ABOUT THIS EXERCISE
A faithful transcript of all the lines below, with no pictures, is the goal here.

INFORMATION SUPPLIED

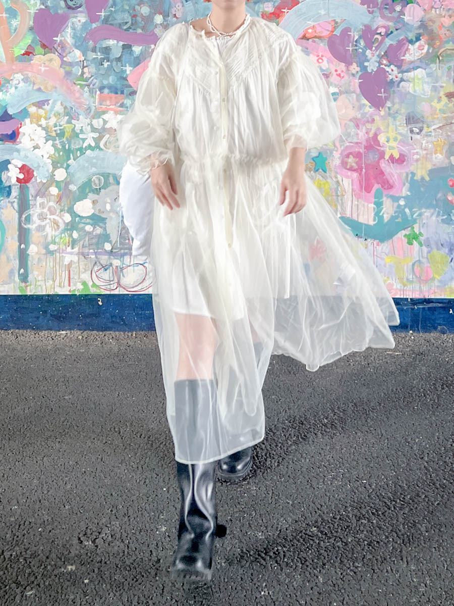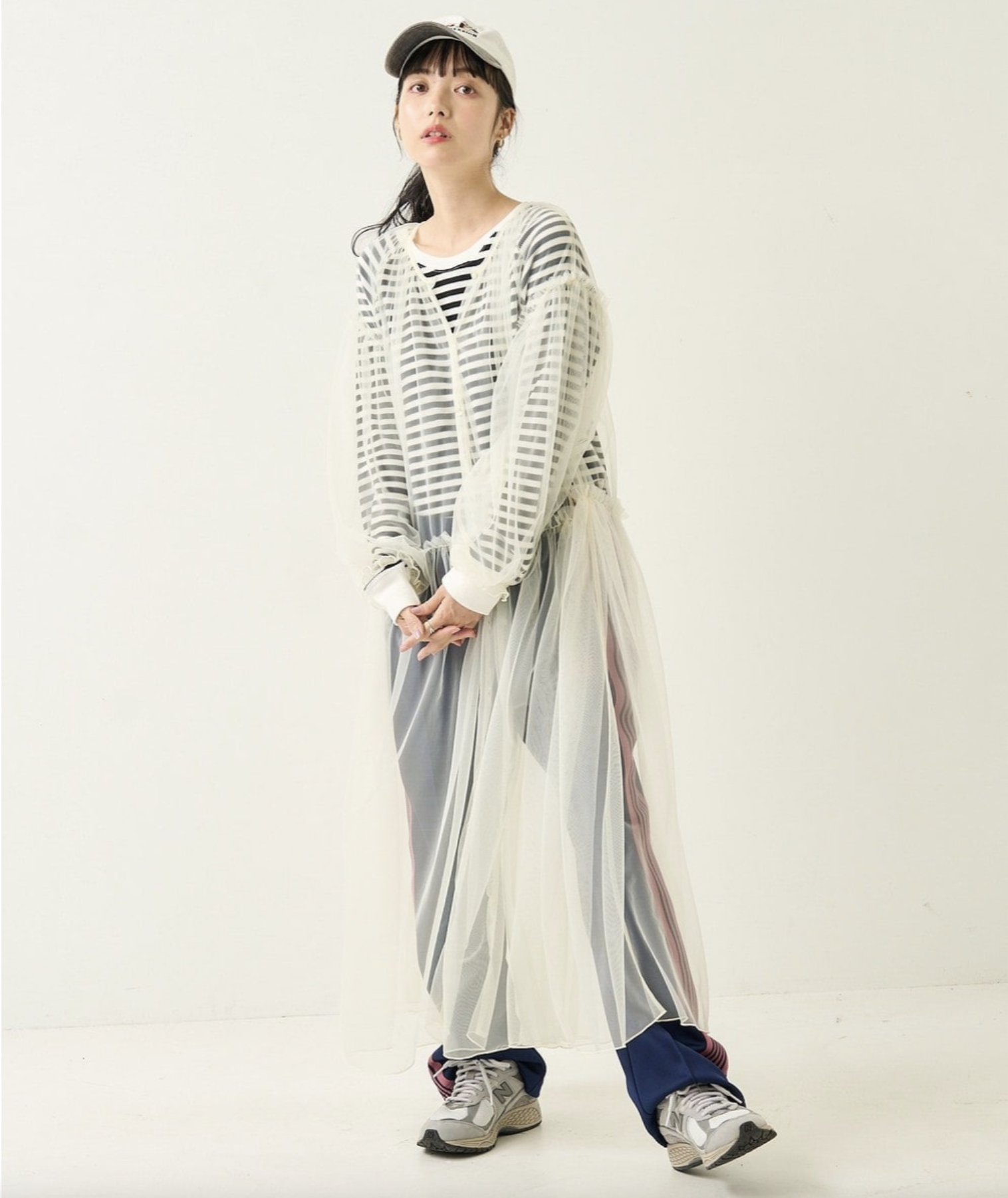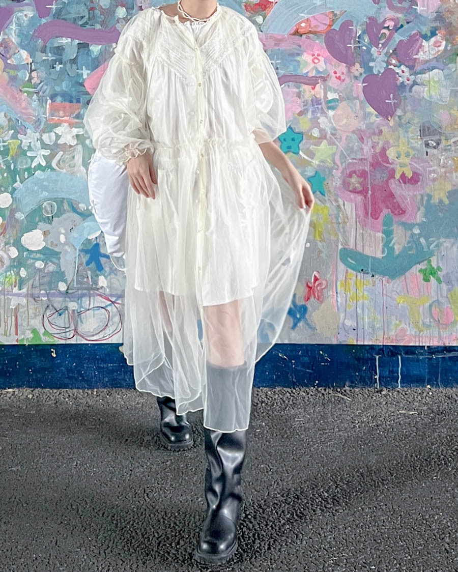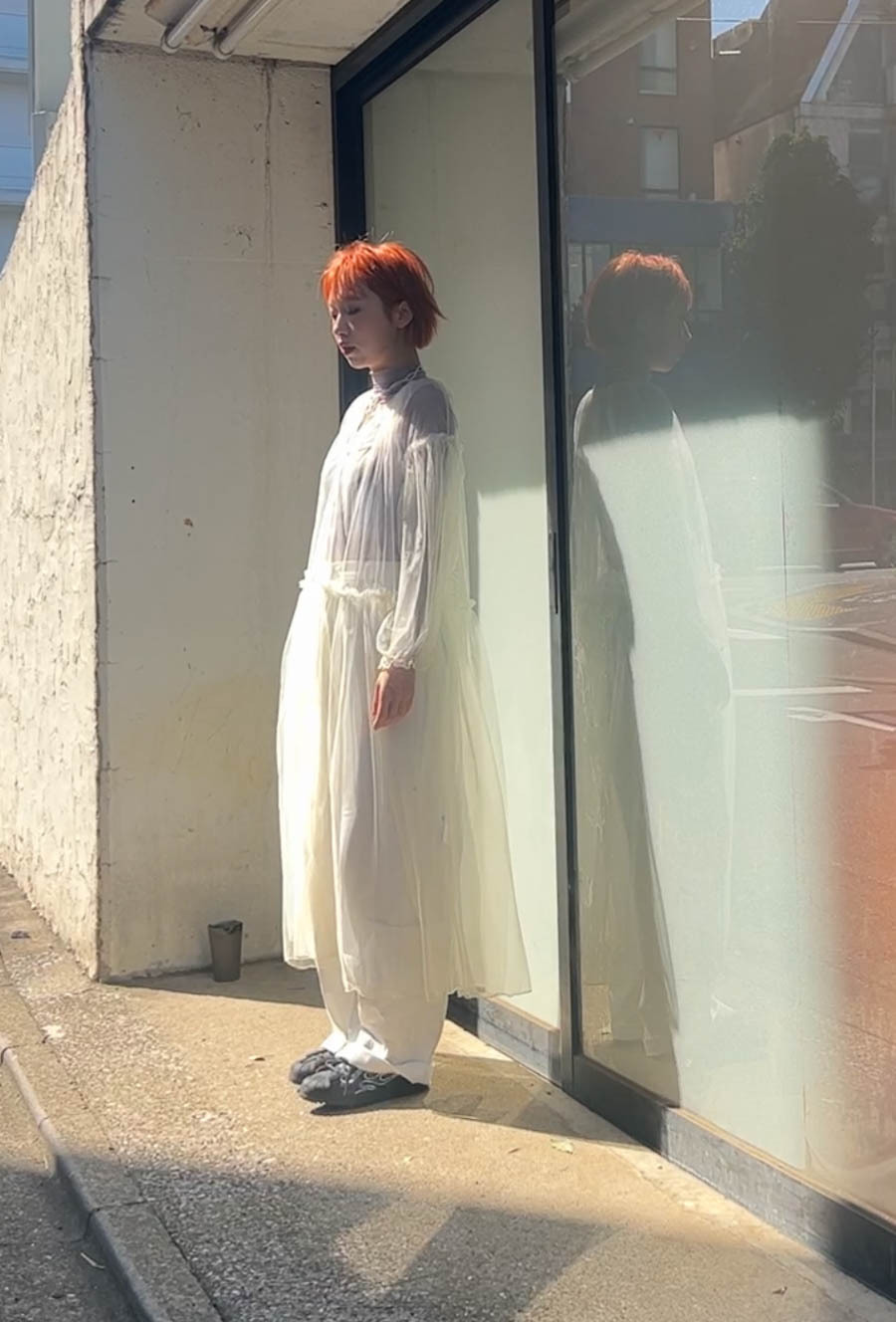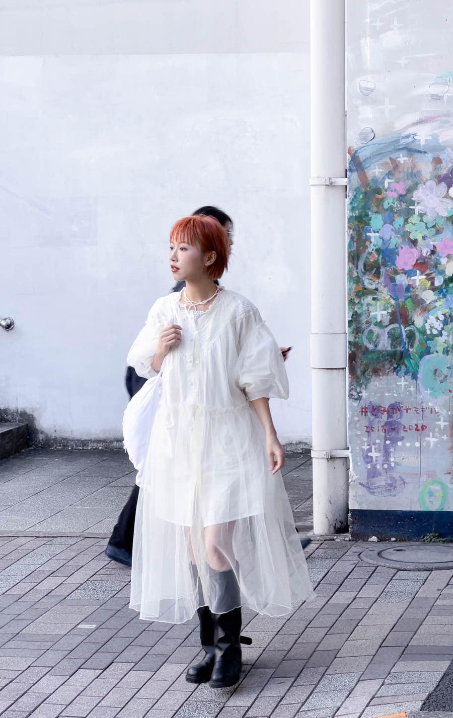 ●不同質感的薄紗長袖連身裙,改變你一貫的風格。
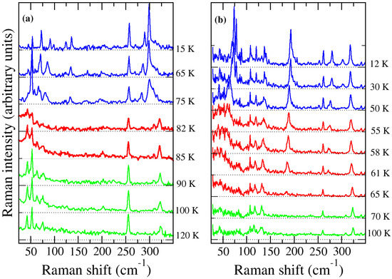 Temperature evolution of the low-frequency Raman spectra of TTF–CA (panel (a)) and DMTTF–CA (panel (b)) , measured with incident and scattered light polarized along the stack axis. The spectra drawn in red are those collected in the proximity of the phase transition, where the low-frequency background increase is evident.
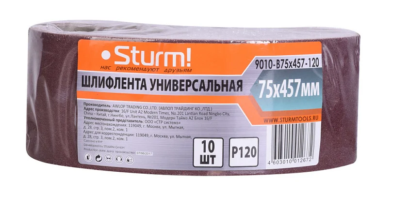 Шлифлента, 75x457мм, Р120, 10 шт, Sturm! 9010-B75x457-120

RESPONSE TO THE TASK
 ●不同質感的薄紗長袖連身裙,改變你一貫的風格。
 Temperature evolution of the low-frequency Raman spectra of TTF–CA (panel (a)) and DMTTF–CA (panel (b)) , measured with incident and scattered light polarized along the stack axis. The spectra drawn in red are those collected in the proximity of the phase transition, where the low-frequency background increase is evident.
 Шлифлента, 75x457мм, Р120, 10 шт, Sturm! 9010-B75x457-120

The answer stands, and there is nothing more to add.